#### Data block
◇ ◇ ◇ ◇ ◇

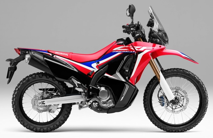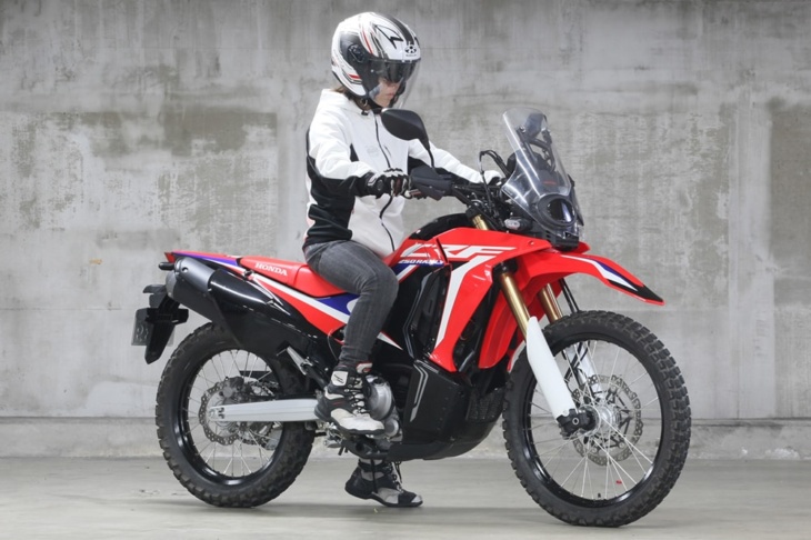 CRF250ラリーのタイプ別でローダウン仕様のタイプLD。取りまわしのため車体を起こすと前後サスペンションがグッと沈み、またがるとさらに沈むので、またがれれば足つきの苦労は少ない印象。ただ、スタンドのスプリングがやや硬いのが気になるところ。慣れていないうちのスタンドの出し入れには注意が必要かも。
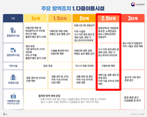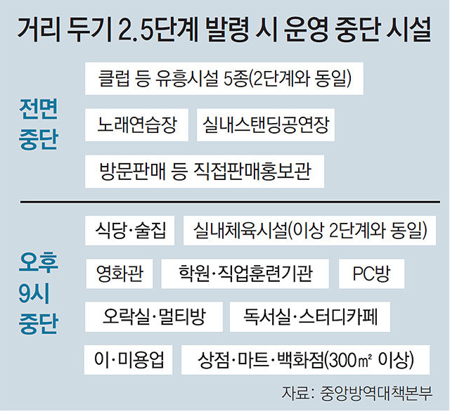 2.5단계 시행 시 중단되는 시설들
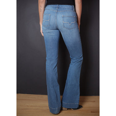 Mid-rise, trouser fit, wide flare leg. Cotton/polyester/elastine. Women's even sizes 0-16 with 32" (S), 34" (R), 36" (L), inseam. Item will ship separately.
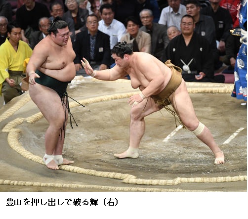 勝ち越しを決めた輝は「しっかり落ち着いてあせらず相撲を取ることができた。あと4番あるので、どこまでこの相撲ができるか」と話しました。

◇ ◇ ◇ ◇ ◇

#### Work order
A word-for-word copy of the listing is needed, with no pictures in it.

#### Written response
 CRF250ラリーのタイプ別でローダウン仕様のタイプLD。取りまわしのため車体を起こすと前後サスペンションがグッと沈み、またがるとさらに沈むので、またがれれば足つきの苦労は少ない印象。ただ、スタンドのスプリングがやや硬いのが気になるところ。慣れていないうちのスタンドの出し入れには注意が必要かも。
 2.5단계 시행 시 중단되는 시설들
 Mid-rise, trouser fit, wide flare leg. Cotton/polyester/elastine. Women's even sizes 0-16 with 32" (S), 34" (R), 36" (L), inseam. Item will ship separately.
 勝ち越しを決めた輝は「しっかり落ち着いてあせらず相撲を取ることができた。あと4番あるので、どこまでこの相撲ができるか」と話しました。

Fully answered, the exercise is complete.